What to verify before shipment leaves the supplier

If you want a better duty estimate before arrival, check these before the goods are on the water. This is the quiet work that saves you from loud problems later.

  • The final commercial description, material composition, technical specification, and end use of the product, because vague descriptions create vague classifications.
  • The proposed HS code, plus one fallback code if the item sits close to another heading and the classification is not completely settled.
  • The current tariff row, including CD, RD, SD, VAT, AIT, and AT, so your estimate uses live rates instead of memory.
  • Whether origin-based concessions, exemptions, or project-linked privileges may apply, especially for machinery, raw materials, or approved investment projects.
  • The supporting import documents, such as the LC, invoice, bill of lading or airway bill, packing list, and country of origin certificate.
  • Any item specific approvals, such as BSTI, quarantine, or sector regulator clearance, because customs planning is not just a rate lookup exercise.

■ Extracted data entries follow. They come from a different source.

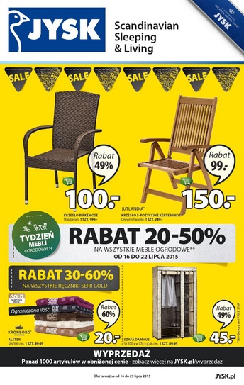 Nowa gazetka promocyjna JYSK. Polecane promocje z gazetki Jysk: Rabat 20-50% na wszystkie meble ogrodowe. Rabat 20-50% na wszystkie komody. Rabat 20-60% na wszystkie materace sprężynowe. Oferta ważna od 16.07 do 29.07.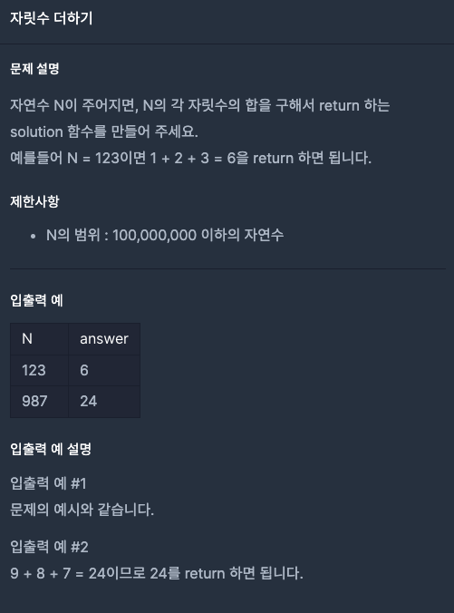 처음엔 파라미터로 들어오는 n을 String 변환 후 split(separate: "") 로 진행했으나,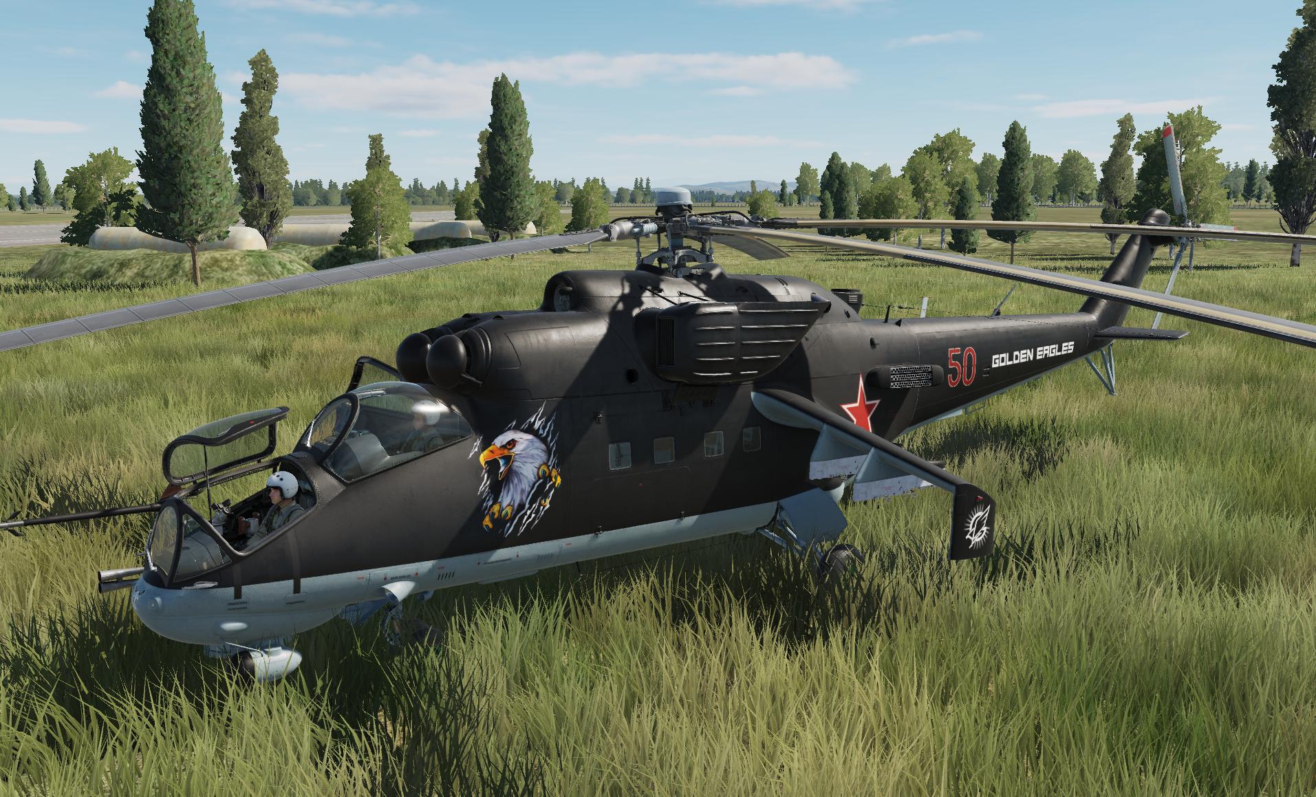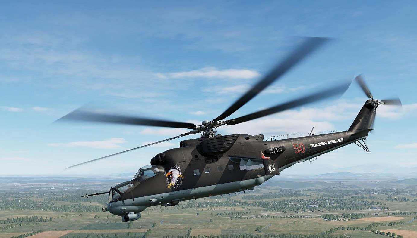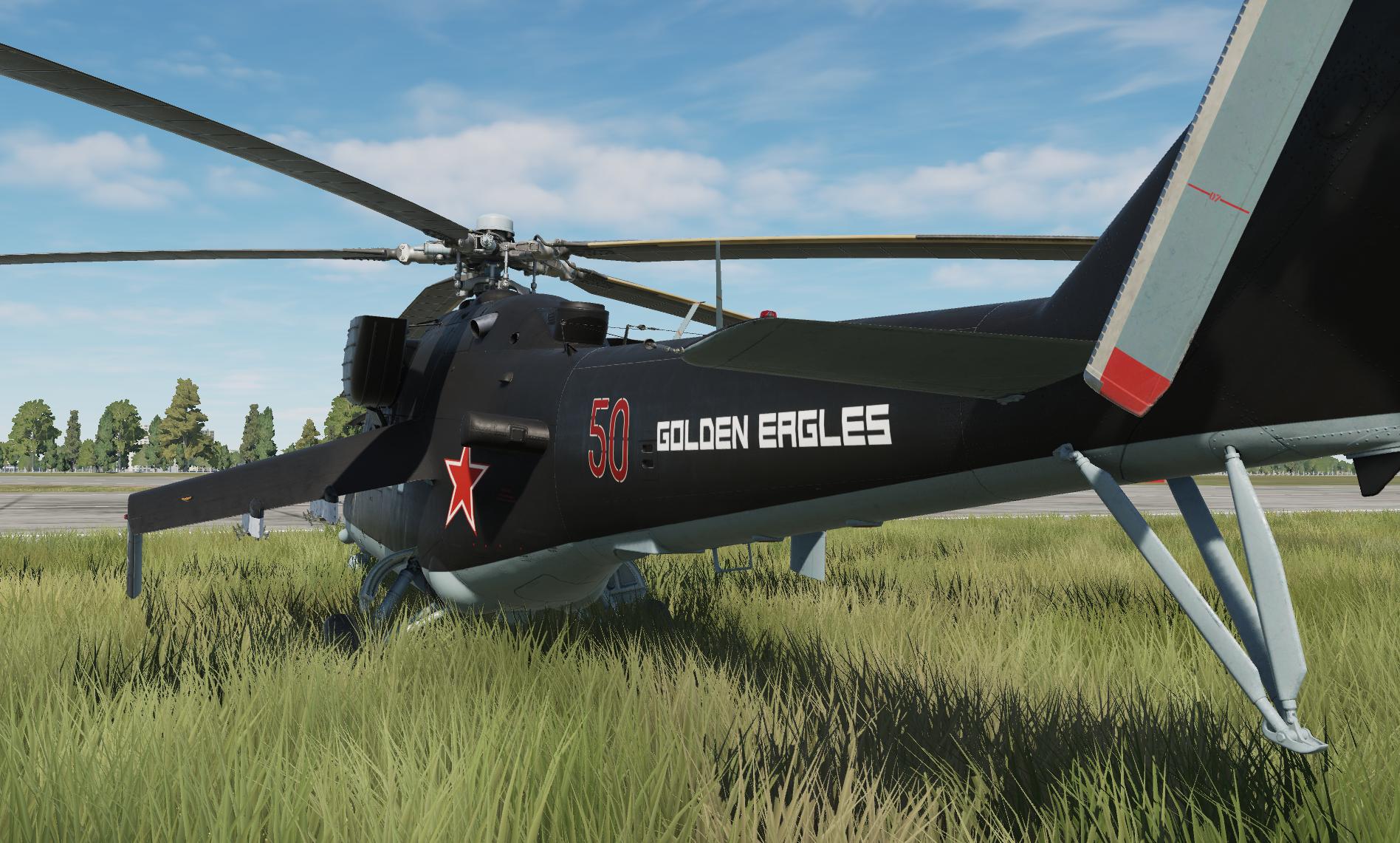 This is a fictional skin for the DCS Golden Eagles Hind Aerobatics Team.

If the code is still uncertain after all of that, pause and resolve the classification issue before shipment. That short delay is usually much cheaper than a clearance delay, a surprise assessment, or a pricing mistake you only notice after the goods are already sold.

Final Thoughts

Customs duty in Bangladesh isn’t impossible to estimate. It just punishes lazy inputs. Start with the right HS code, pull the live tariff row, and apply each tax to the right base. Do that, and your landed cost estimate becomes far more usable.

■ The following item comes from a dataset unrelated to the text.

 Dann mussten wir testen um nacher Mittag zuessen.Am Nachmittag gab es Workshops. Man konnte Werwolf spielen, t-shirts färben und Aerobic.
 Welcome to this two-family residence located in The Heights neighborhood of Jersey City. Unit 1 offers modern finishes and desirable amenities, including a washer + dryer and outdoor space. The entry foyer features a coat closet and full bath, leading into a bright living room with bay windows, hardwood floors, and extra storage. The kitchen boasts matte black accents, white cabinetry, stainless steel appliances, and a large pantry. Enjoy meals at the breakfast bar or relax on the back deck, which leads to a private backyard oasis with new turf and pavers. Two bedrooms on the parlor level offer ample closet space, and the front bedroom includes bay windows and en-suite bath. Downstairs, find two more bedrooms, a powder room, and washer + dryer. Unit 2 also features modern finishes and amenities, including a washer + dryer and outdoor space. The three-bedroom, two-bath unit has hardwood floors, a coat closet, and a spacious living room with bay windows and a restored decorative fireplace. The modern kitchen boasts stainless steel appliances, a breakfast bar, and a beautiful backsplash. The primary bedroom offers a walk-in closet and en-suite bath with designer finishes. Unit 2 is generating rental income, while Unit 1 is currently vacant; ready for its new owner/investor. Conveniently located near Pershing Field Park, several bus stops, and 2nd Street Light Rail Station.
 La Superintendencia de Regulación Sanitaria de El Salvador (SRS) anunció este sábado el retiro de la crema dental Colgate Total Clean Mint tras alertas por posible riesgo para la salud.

Frequently Asked Questions

Is customs duty the same as total import tax in Bangladesh?

No. Customs duty often refers to the basic CD rate, but many imports can also attract RD, SD, VAT, AIT, and AT. If you only quote the CD line, you can end up with a very low estimate. For some goods, that gap is small. For others, it is the difference between a workable selling price and a loss making import.

How do I find the correct HS Code in Bangladesh?

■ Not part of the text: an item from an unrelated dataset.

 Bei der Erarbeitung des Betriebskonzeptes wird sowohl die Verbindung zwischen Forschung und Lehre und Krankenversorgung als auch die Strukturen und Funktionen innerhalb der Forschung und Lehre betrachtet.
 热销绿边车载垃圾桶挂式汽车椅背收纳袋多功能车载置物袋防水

Start with the Bangladesh Customs or NBR tariff search, compare the product’s material, technical specification, pack size, and end use, then narrow to the exact tariff wording. Don’t stop at the chapter level. Read the line description closely. If the classification is still fuzzy, apply for an advance ruling before import.

Can I rely on the supplier’s HS code?

Use it as a clue, not as the final answer. Your supplier may classify the item for export in another country, while Bangladesh Customs will assess it under the Bangladesh tariff and local classification practice. If the product has multiple uses or sits close to another heading, the supplier’s code can be a very shaky shortcut.

Does every import pay 15 percent VAT and 5 percent AIT?

Not always. Some tariff lines show VAT at 0, some show 15, and the current operative tariff can show AT at 0, 5, or 7.5 depending on the line and importer context. AIT and SD can also differ by item. Always check the current row for your exact product instead of assuming every import follows one standard pattern.

What happens if Customs uses a different classification from yours?

Your duty estimate can change, sometimes by a lot. That is exactly why the advance ruling system exists. If the product sits close to multiple headings, getting a ruling before shipment is often cheaper than arguing after arrival. It protects your costing, your paperwork, and your timeline.